Perhaps I'm just not intelligent enough to one-shot that kind of stuff =P
>I imagine this wouldn't work so well for hard algorithmic stuff where there are mathematical properties you need to be aware of and maintain
Mathematical properties are often even more ideal candidates for being encoded into either types or property tests.
Business oriented code is usually where most people see TDD (how it is normally taught) fall down - where you need "some kind of dashboard with x, y and z" but the exact details arent precisely nailed down. However, if you can do it right these scenarios work extremely well with snapshot test driven development. Most people just dont do it or dont know how.
Okay interesting, I've never heard of snapshot testing. I'll have to play with it some time.
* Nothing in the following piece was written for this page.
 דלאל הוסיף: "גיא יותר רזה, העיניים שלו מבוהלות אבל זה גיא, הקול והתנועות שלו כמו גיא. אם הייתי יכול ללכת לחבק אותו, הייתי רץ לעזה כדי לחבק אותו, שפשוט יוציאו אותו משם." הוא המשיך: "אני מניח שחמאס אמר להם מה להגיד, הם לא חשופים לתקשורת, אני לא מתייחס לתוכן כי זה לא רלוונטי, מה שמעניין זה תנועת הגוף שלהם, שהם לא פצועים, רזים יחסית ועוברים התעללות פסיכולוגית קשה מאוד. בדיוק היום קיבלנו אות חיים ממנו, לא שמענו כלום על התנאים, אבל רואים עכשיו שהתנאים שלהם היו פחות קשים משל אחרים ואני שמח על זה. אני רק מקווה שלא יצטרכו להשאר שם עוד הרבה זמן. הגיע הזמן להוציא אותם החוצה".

I agree that mathematical problems are much easier to test, but I think only once you know the mathematics. Like I think it's possible that TDD fell flat for the sudoku solver because the dude just didn't know what properties he wanted. In that situation writing tests is like casting bones.
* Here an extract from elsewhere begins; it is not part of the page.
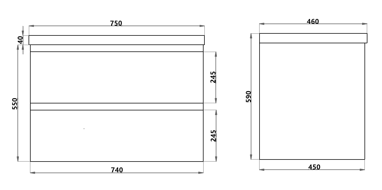 POSEIDON PW7546W POLY WHITE MDF WALL HUNG VANITY DOUBLE DRAWERS 750*550*460MM GLOSS WHITE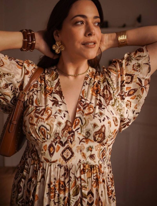 Robe longue fluide à imprimé floral bohème, dotée d’un décolleté en V et d’un lien dans le dos. Taille froncée pour une silhouette féminine et confortable. Parfaite pour un look estival chic et naturel.

But I'm not convinced one way or the other... for me tests have always been most useful for regression and basic quality checks. Which is very useful! Means you never (hopefully anyway) take a step backwards as you evolve a program.
Aren't snapshot tests regression tests? "Snapshot test driven development" to me implies that you would generate the snapshot you want (somehow) and write code until the output matched the snapshot.
Snapshot test driven development is:
1. Write test.
2. Write code that gets the test to pass, generating a snapshot.
3. Iterate on the code until the snapshot looks right (maybe bringing stakeholders in the loop to ask "does this dashboard look right?").
4. Lock the snapshot down and commit.
5. Refactor (same as with vanilla TDD).
Arguably the "test" is fully written by stage 1, the only part missing is the correct generated artefact. I dont really give a fuck about semantics of the word "test" though, the process is what matters.
The snapshots and test steps and metadata can also be compiled together to generate documentation with the right framework - documentation as a side effect of TDD.